> WORK ORDER:
Skip any pictures. Repeat the data exactly, from its first line through the line that holds "C836 アメジスト マーカサイト", both included.

> PROVIDED ENTRIES:
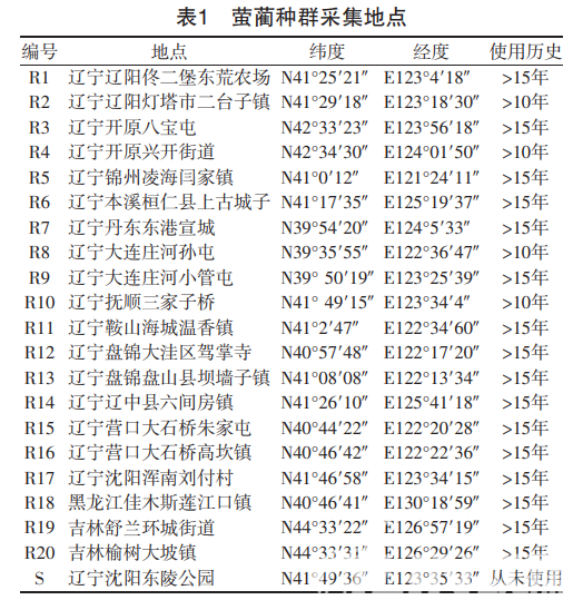 采自東北三省多年使用芐嘧磺隆的稻田里的螢藺 種子,具體地點(diǎn)及用藥歷史見表1。
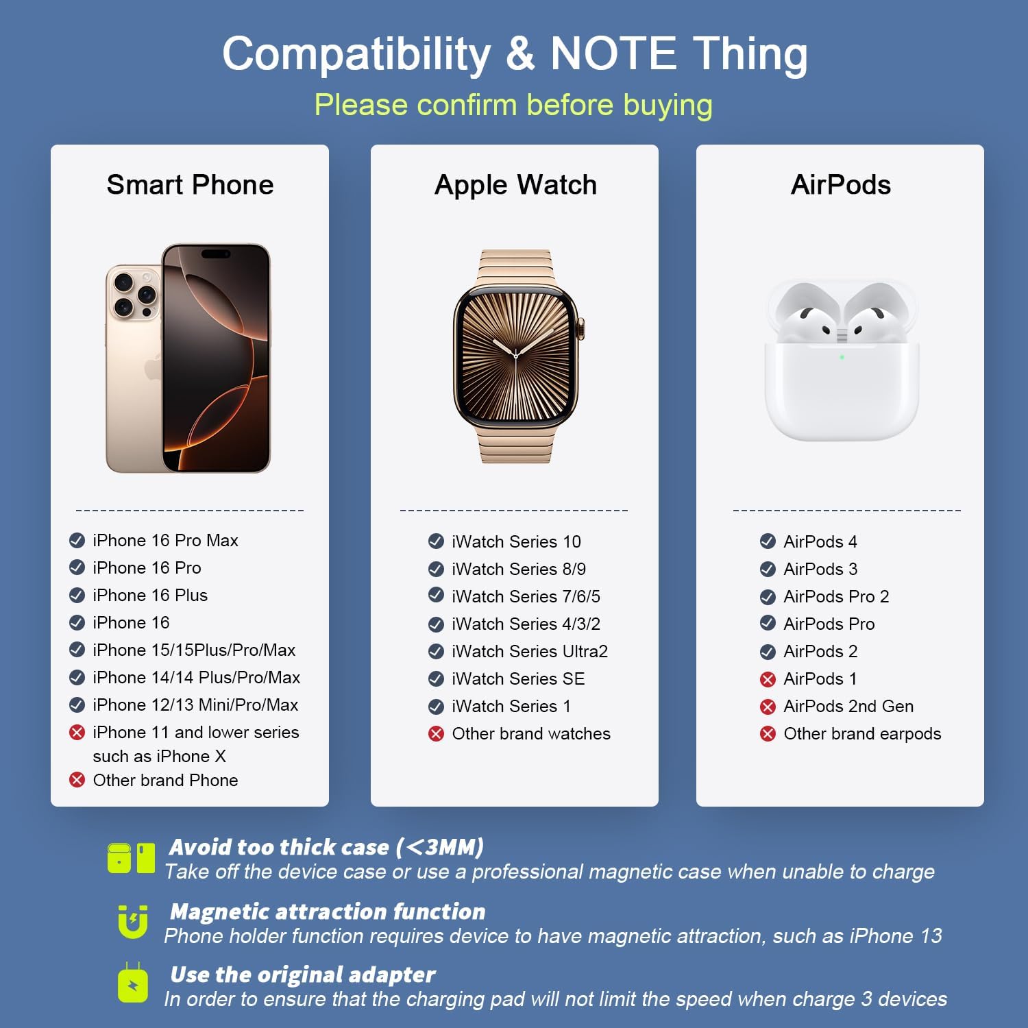 - Extreme Speed 3 in 1 Wireless Charger: You can charge your apple products simultaneously through this 3-in-1 wireless charging station. It charges your iPhone, Apple Watch and AirPods at the same time. The wireless charging stand outputs up to 7.5W for Phones, 5W for AirPods and 3W for Apple Watch. Powered by the included 18W adapter, matched with wireless iPhone charger with built-in upgrade coil your charging speed can be increased by 35%.
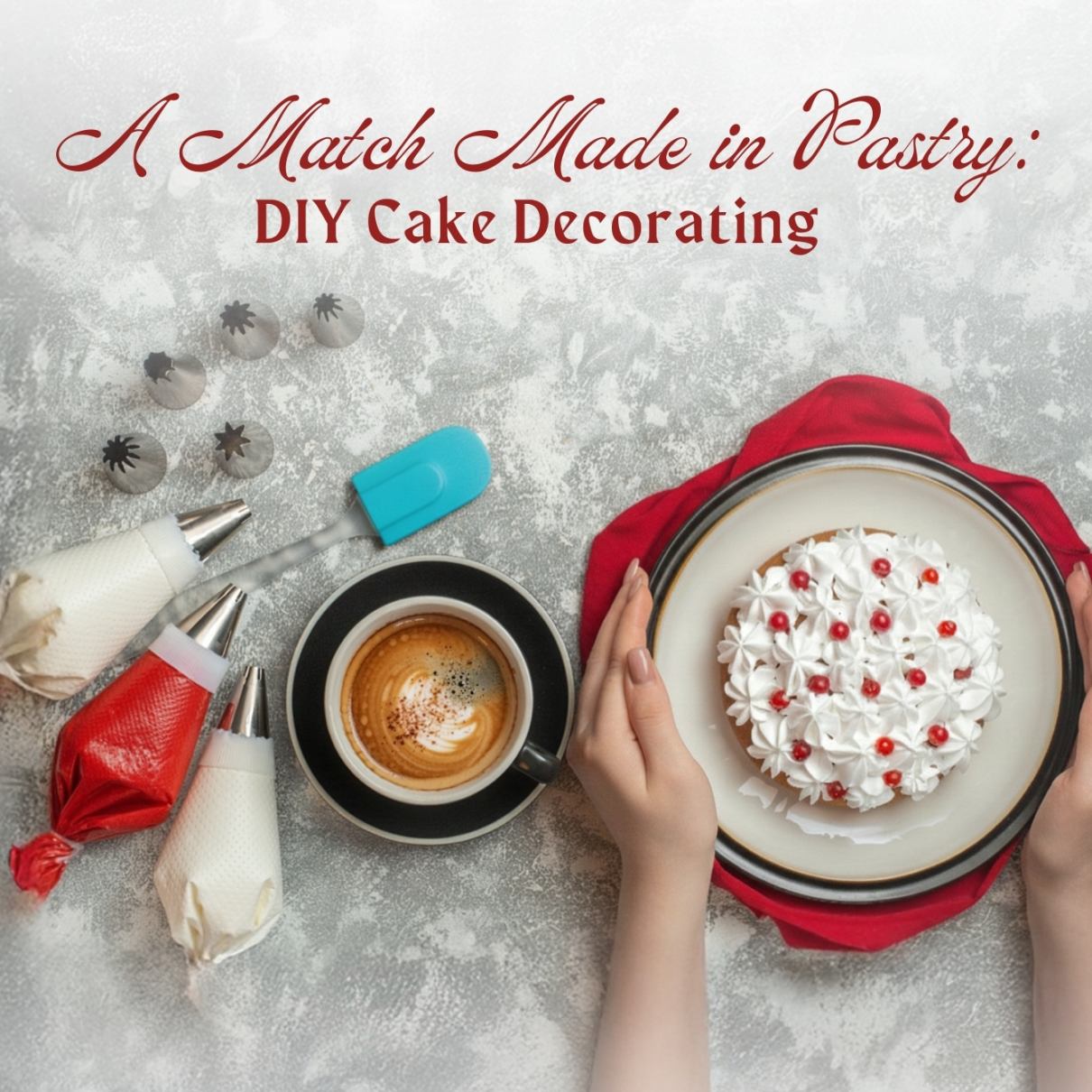 Inclusions: 4-inch pre-baked cake, decorating kit, guided session with our expert Pastry Chef, and complimentary coffee or tea.
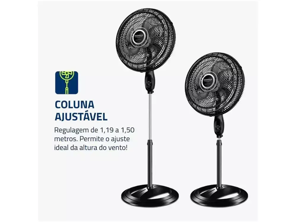 Transforme o clima da sua casa com este ventilador de coluna prático e eficiente. Ele oferece muito mais vento e menos barulho, garantindo o bem-estar de toda a família. Com 40cm de diâmetro e uma potente hélice de 8 pás, este modelo da Mondial é sinônimo de eficiência, segurança e grande vazão de ar.
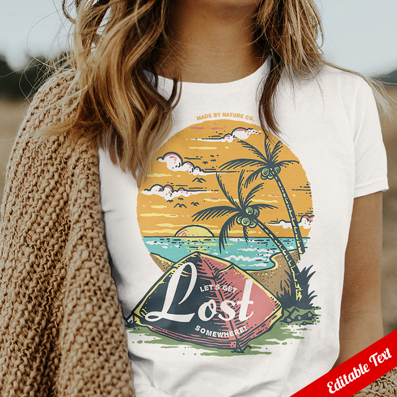 Vector illustration of beach camp with beautiful scenery landscape. Ready to print on t-shirt.
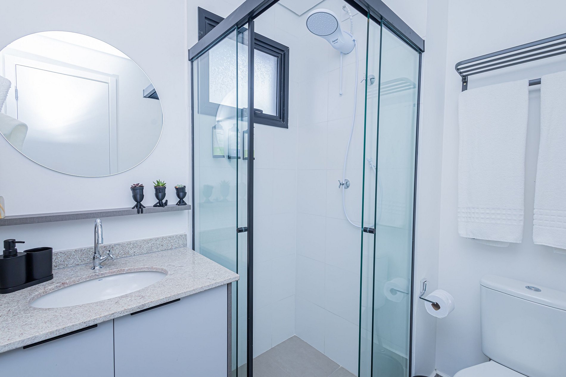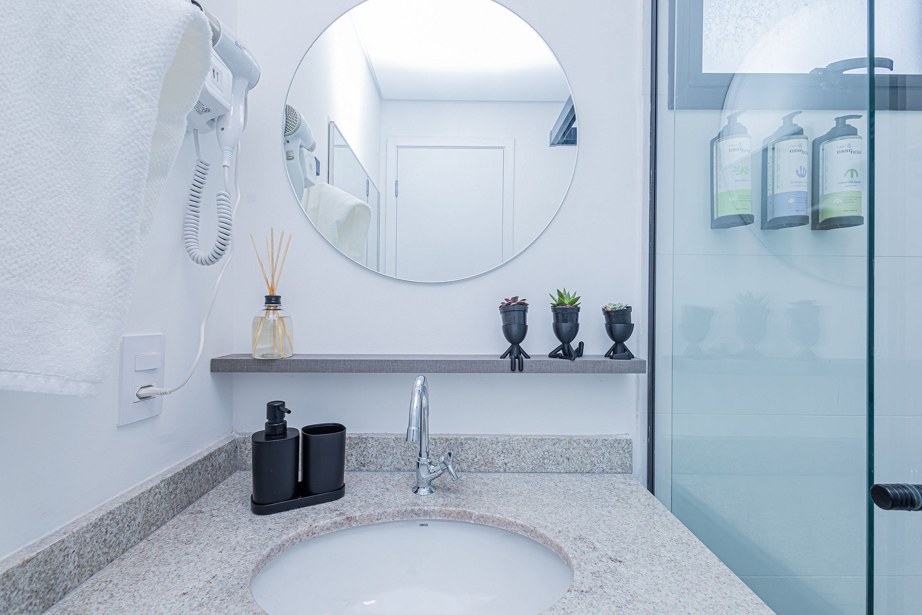 • Banheiro completo: Todas as amenidades de higiene estão à sua disposição, como shampoo, condicionador e sabonete líquido.
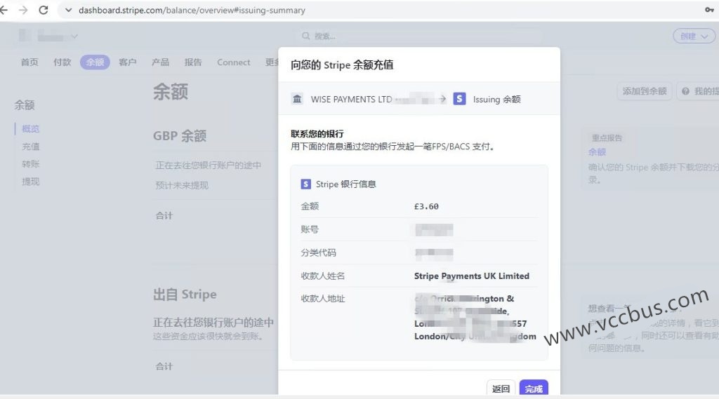 - 如果你的Stripe余额账户中没有资金的话,可以用收款提现的银行账户,例如我这里用的Wise,向Stripe公司发起一笔对公转账,即可充值资金到Issuing余额。
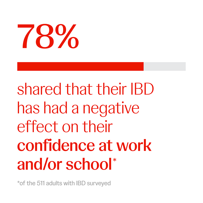 functional impairment for almost half of their total working time.24 Additionally, in the survey, 78% of people with IBD shared that their IBD has had a negative effect on their confidence at work and/or school, with younger people with IBD more likely to feel the negative impact compared to their older counterparts.‡
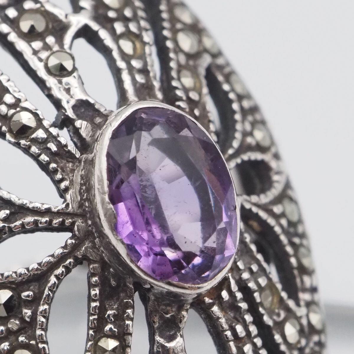 C836 アメジスト マーカサイト マルカジット リング 透かし彫り デザイン シルバー 指輪 ヴィンテージ 2月誕生石 11号
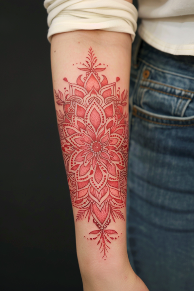 This tattoo features an intricately detailed red mandala, radiating symmetry and balance. The design is filled with geometric patterns, floral shapes, and fine linework, creating an overall stunning visual that pulls you in. The use of soft red ink adds a unique twist, giving it an ethereal and delicate feel while still remaining bold and prominent. The layering of petals and ornate shapes gives this tattoo depth, almost like it s unfolding before your eyes. There s a calm yet mesmerizing energy to this piece, making it both beautiful and soothing.

> RESPONSE TO THIS EXERCISE:
 采自東北三省多年使用芐嘧磺隆的稻田里的螢藺 種子,具體地點(diǎn)及用藥歷史見表1。
 - Extreme Speed 3 in 1 Wireless Charger: You can charge your apple products simultaneously through this 3-in-1 wireless charging station. It charges your iPhone, Apple Watch and AirPods at the same time. The wireless charging stand outputs up to 7.5W for Phones, 5W for AirPods and 3W for Apple Watch. Powered by the included 18W adapter, matched with wireless iPhone charger with built-in upgrade coil your charging speed can be increased by 35%.
 Inclusions: 4-inch pre-baked cake, decorating kit, guided session with our expert Pastry Chef, and complimentary coffee or tea.
 Transforme o clima da sua casa com este ventilador de coluna prático e eficiente. Ele oferece muito mais vento e menos barulho, garantindo o bem-estar de toda a família. Com 40cm de diâmetro e uma potente hélice de 8 pás, este modelo da Mondial é sinônimo de eficiência, segurança e grande vazão de ar.
 Vector illustration of beach camp with beautiful scenery landscape. Ready to print on t-shirt.
 • Banheiro completo: Todas as amenidades de higiene estão à sua disposição, como shampoo, condicionador e sabonete líquido.
 - 如果你的Stripe余额账户中没有资金的话,可以用收款提现的银行账户,例如我这里用的Wise,向Stripe公司发起一笔对公转账,即可充值资金到Issuing余额。
 functional impairment for almost half of their total working time.24 Additionally, in the survey, 78% of people with IBD shared that their IBD has had a negative effect on their confidence at work and/or school, with younger people with IBD more likely to feel the negative impact compared to their older counterparts.‡
 C836 アメジスト マーカサイト マルカジット リング 透かし彫り デザイン シルバー 指輪 ヴィンテージ 2月誕生石 11号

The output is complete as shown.